- Postwar photo of Hecht (S 171), (former Type XXIII submarine U-2367). An identical sister ship of U-4706.

History

Nazi Germany
- Name: U-4706
- Ordered: 7 July 1944
- Builder: Friedrich Krupp Germaniawerft AG, Kiel
- Yard number: 948
- Laid down: 14 November 1944
- Launched: 19 January 1945
- Commissioned: 7 February 1945
- Fate: Surrendered on 9 May 1945

Norway
- Name: HNoMS Knerter
- Acquired: 9 May 1945
- Commissioned: October 1948
- Stricken: 1954
- Fate: Broken up

General characteristics
- Class & type: Type XXIII submarine
- Displacement: 234 t (230 long tons) (surfaced); 258 t (254 long tons) (submerged);
- Length: 34.68 m (113 ft 9 in) (o/a); 26.00 m (85 ft 4 in) (p/h);
- Beam: 3.02 m (9 ft 11 in) (o/a); 3.00 m (9 ft 10 in) (p/h);
- Draught: 3.66 m (12 ft)
- Installed power: 575–630 PS (423–463 kW; 567–621 shp) (diesel drive); 580 PS (430 kW; 570 shp) (standard electric drive); 35 PS (26 kW; 35 shp) (silent electric drive);
- Propulsion: 1 × MWM RS134S 6-cylinder diesel engine; 1 × AEG GU4463-8 double-acting electric motor; 1 × BBC CCR188 electric creeping motor;
- Speed: 9.7 knots (18 km/h; 11 mph) (surfaced); 12.5 knots (23 km/h; 14 mph) (submerged);
- Range: 2,600 nautical miles (4,800 km; 3,000 mi) at 8 knots (15 km/h; 9.2 mph) surfaced; 194 nmi (359 km; 223 mi) at 4 knots (7.4 km/h; 4.6 mph) submerged;
- Test depth: 180 m (590 ft)
- Complement: 14–18
- Armament: 2 × 53.3 cm (21 in) bow torpedo tubes; 2 × torpedoes;

Service record (Kriegsmarine)
- Part of: 5th U-boat Flotilla; 7 February – 8 May 1945;
- Identification codes: M 50 650
- Commanders: Oblt.z.S. Manfred Schneider; 7 February – 9 May 1945;
- Operations: None
- Victories: None

= German submarine U-4706 =

German World War II submarine

German submarine U-4706 was a Type XXIII U-boat of Nazi Germany's Kriegsmarine during World War II. She was ordered on 7 July 1944, and was laid down on 14 November 1944 at Friedrich Krupp Germaniawerft AG, Kiel, as yard number 948. She was launched on 19 January 1945 and commissioned under the command of Oberleutnant zur See Manfred Schneider on 7 February 1945.

==Design==
Like all Type XXIII U-boats, U-4706 had a displacement of 234 t when at the surface and 258 t while submerged. She had a total length of 34.68 m (o/a), a beam width of 3.02 m (o/a), and a draught depth of 3.66 m. The submarine was powered by one MWM six-cylinder RS134S diesel engine providing 575–630 PS, one AEG GU4463-8 double-acting electric motor electric motor providing 580 PS, and one BBC silent running CCR188 electric motor providing 35 PS.

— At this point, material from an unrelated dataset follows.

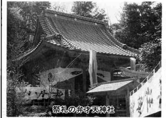
祭礼の弁才天神社

大字本山と弁才天は承応元(二空 三年、吉村の枝郷として吉兵衛・ 源右衛門)によって開発された集落 である。他に人家のない農地のみ の本弁という名の大字がある。両 集落共通の鎮守である弁才天神社 は、由緒書によると「祭神ハ市杵 島姫命・昔、円上寺湯ノ周辺荒蕪 ニシテ未ダ人家アラザル時、コノ 神茲ニ幸シ、永住ノ地トシテ旅衣 ヲ解キタマヘリ」とあり、その証 として当新田字姪子岩の石上に馬 蹄印があるという。つまりこの地 区に村ができる前に湯周辺に弁天 様の祠が建ち、弁才天の村名がこ こに由来したことになる。御神体 は「近年影像甚ダ古ビ寛文二(二空 三年)顔料ヲ塗装シ奉ル」とあるか ら艶やかな弁天像であろう。弁天 様は宝船に乗った七福神の一神で、 島や海岸・湖畔に祀られる例が多 いから、円上寺湯の守護神として 建立されたものと思われる。 記録によると、円上寺湯は周囲 八きしもある沼で、雨が降ると、 周辺や下流に水害をもたらす魔の 沼といわれた。沼の中央の最も深 かったと伝えられる場所に、現在

The submarine had a maximum surface speed of 9.7 kn and a submerged speed of 12.5 kn. When submerged, the boat could operate at 4 kn for 194 nmi; when surfaced, she could travel 2600 nmi at 8 kn. U-4706 was fitted with two 53.3 cm torpedo tubes in the bow. She could carry two preloaded torpedoes. The complement was 14–18 men. This class of U-boat did not carry a deck gun.

==Service history==
On 9 May 1945, U-4706 surrendered at Kristiansand, Norway.

==Post war service==
In October 1948, U-4706 was transferred to Norway, and the Royal Norwegian Navy quickly gave her the impromptu name HNoMS Knerten ("the runt") in reference to her diminutive size relative to the three Type VIIC/41 boats that were acquired at the same time. Knerten was briefly homeported in Trondheim in 1949, slated to be used as a development testbed for air-independent propulsion technology, but a lack of spare parts and a battery explosion accident prevented her from ever being entered into service.
 From 14 April 1950, the Royal Norwegian Yacht Club used her for storage until she was struck in 1954 and broken up.